Im vierten Teil, „Eroberung vom Planet der Affen“, steht Milo im Zentrum der Erzählung des Jahres 1991. Nachdem eine Haustierseuche alle Hunde und Katzen dahingerafft hat, haben die Menschen sich mit Affen neue Haustiere als alltägliche Begleiter erwählt, die aber rasch ein breiteres Aufgabenspektrum erfüllten als Kuscheln und Gassigehen. Es entwickelt sich eine ebenso leicht zu durchschauende wie nicht unproblematische Parabel auf die amerikanische Rassentrennung, indem die Affen als von der High Society missbrauchte Arbeitskräfte zweiter Klasse behandelt werden und unter der Anleitung von Milo den bewaffneten Aufstand wagen. Wurde der Film von den „Watts Riots im Jahr 1965 inspiriert, sollte sich der Comic tragischerweise als hellsichtig erweisen: 1991 wurde Rodney King aufgrund seiner Hautfarbe von vier Polizisten in Los Angeles misshandelt. Nachdem die Polizisten trotz der Videoaufnahmen von einer Jury freigesprochen wurden, kam es als Protest gegen den Rassismus der Behörden zu massiven Ausschreitungen in L.A.

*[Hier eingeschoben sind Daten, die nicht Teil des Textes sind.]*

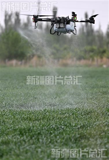 关键字:巴音郭楞蒙古自治州 小满 农事忙 小麦 田间地头 农林牧渔业 植保无人机 麦苗 农民 抢抓农时 喷施农药
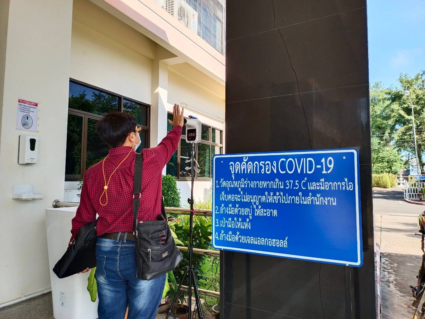 แขวงทางหลวงเพชรบูรณ์ที่ 1 จัดตั้งตู้พ่นน้ำยาฆ่าเชื้อ และจุดคัดกรองด้วยเครื่องวัดอุณหภูมิ วันที่ 4 ตุลาคม 2564 ตั้งแต่เวลา 07.00 น. – 16.30 น.
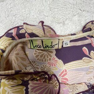 Vintage Loco Lindo Women's Ruffle Neck Popover Top Flared Sleeve Floral Multi Small
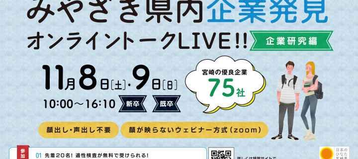 - みやざき県内企業発見オンライントークLIVE!!【企業研究編】参加者募集!

Den Abschluss bildet eine kurze exklusive Geschichte, „Die Suche nach dem Planet der Affen“, die das Gelenk zwischen dem vierten und letzten Film der Affensaga darstellen soll und die Handlung in naher Zukunft darstellt. Die Affen sind uneins über den Umgang mit den vormaligen Sklavenhaltern und schwanken zwischen liberalen und radikalen Modellen des Zusammenlebens. Es kommt zum Kampf des Schimpansen Milo, der sich längst Caesar nennt, und dem Gorilla Aldo. Caesars Fazit: „Vielleicht sind nicht die Waffen böse, sondern die Art, in der sie benutzt werden.“ Küchensoziologie at its best. Und die Handlung, in der derlei Bonmots eingebettet sind, ist auch nicht reizvoller: Grotesker, wirrer und unausgegorener könnte eine Geschichte kaum sein – selbst im Kontext einer Story um zeitreisende Astronauten-Affen ist diese Geschichte dann doch zu überdreht.

Gerrit Lungershausen, geboren 1979 als Gerrit Lembke, hat in Kiel Literatur- und Medienwissenschaften studiert und wurde 2016 promoviert. Er hat Bücher über Walter Moers, Actionkino und den Deutschen Buchpreis herausgegeben. 2014 hat er zusammen mit anderen das e-Journal Closure gegründet und ist bis heute Mitherausgeber. Derzeit lebt er in Mainz und schreibt für Comicgate und die Comixene. An der TU Hamburg-Harburg unterrichtet er Comic-Forschung.